ACTION ITEM -
Two lines in the listing below mark the span: one contains "接下来我们先看技术,观察技术" and one contains "北京时间2月18日,迈阿密热". Reproduce both of them and everything between, exactly.

RECORDS TO PROCESS -
##########

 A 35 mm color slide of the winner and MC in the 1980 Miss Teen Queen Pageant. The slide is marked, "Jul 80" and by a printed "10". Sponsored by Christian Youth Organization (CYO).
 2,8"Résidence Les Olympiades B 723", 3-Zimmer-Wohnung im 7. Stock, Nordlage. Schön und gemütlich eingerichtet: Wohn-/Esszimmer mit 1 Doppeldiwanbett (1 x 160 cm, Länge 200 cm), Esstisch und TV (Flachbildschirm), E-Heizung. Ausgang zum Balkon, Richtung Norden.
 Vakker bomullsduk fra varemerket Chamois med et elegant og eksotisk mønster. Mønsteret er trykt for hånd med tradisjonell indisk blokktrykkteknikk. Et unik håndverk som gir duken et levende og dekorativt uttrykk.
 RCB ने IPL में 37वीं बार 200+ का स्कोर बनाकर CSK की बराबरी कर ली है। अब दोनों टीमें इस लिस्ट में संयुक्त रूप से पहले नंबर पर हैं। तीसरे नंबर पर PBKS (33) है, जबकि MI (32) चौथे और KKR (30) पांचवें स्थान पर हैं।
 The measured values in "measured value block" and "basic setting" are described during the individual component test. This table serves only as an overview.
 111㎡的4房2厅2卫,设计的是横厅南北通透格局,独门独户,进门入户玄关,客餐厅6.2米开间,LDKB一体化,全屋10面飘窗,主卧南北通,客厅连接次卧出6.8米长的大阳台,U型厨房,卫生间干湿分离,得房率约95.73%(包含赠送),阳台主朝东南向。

##########

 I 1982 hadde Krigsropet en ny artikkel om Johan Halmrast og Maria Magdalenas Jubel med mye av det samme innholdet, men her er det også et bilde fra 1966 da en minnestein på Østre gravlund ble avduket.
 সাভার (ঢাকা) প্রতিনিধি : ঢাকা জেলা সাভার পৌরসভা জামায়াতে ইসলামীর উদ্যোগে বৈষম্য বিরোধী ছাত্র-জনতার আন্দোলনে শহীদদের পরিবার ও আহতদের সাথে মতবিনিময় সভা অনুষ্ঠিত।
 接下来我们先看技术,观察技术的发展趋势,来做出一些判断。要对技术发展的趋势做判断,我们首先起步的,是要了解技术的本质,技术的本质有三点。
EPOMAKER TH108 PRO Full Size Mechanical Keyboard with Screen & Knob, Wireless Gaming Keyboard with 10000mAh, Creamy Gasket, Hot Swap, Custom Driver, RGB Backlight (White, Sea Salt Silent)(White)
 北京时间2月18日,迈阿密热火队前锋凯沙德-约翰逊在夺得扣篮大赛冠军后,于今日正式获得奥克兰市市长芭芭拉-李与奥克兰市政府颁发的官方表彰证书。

##########

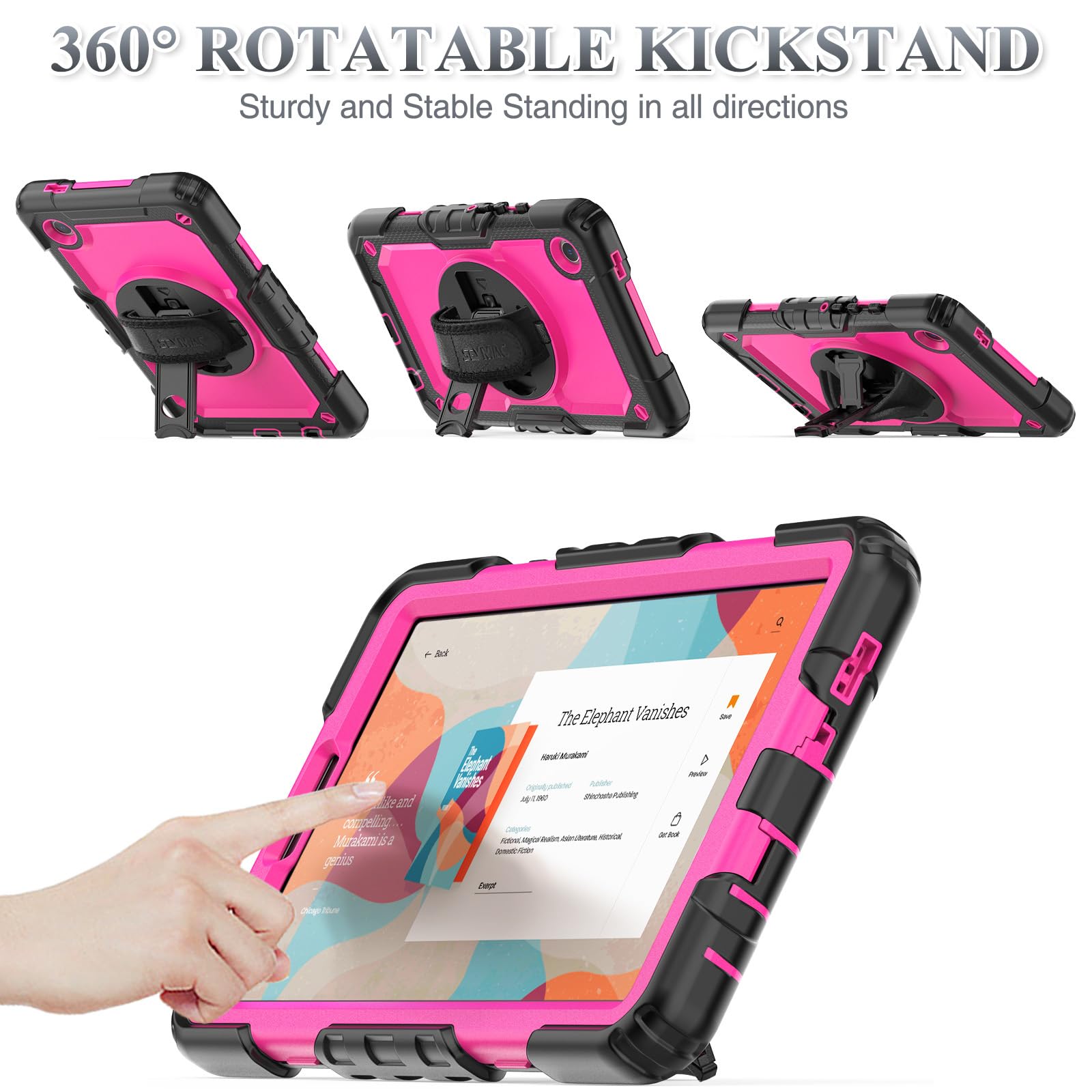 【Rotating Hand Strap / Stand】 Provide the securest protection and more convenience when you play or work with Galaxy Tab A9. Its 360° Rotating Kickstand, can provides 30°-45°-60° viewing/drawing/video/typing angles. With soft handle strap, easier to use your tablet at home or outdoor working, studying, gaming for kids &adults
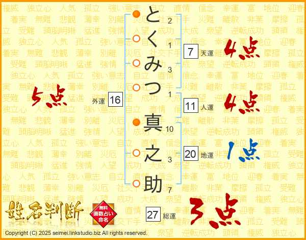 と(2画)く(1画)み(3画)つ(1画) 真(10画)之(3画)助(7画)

##########

RESPONSE TO THIS EXERCISE -
 接下来我们先看技术,观察技术的发展趋势,来做出一些判断。要对技术发展的趋势做判断,我们首先起步的,是要了解技术的本质,技术的本质有三点。
EPOMAKER TH108 PRO Full Size Mechanical Keyboard with Screen & Knob, Wireless Gaming Keyboard with 10000mAh, Creamy Gasket, Hot Swap, Custom Driver, RGB Backlight (White, Sea Salt Silent)(White)
 北京时间2月18日,迈阿密热火队前锋凯沙德-约翰逊在夺得扣篮大赛冠军后,于今日正式获得奥克兰市市长芭芭拉-李与奥克兰市政府颁发的官方表彰证书。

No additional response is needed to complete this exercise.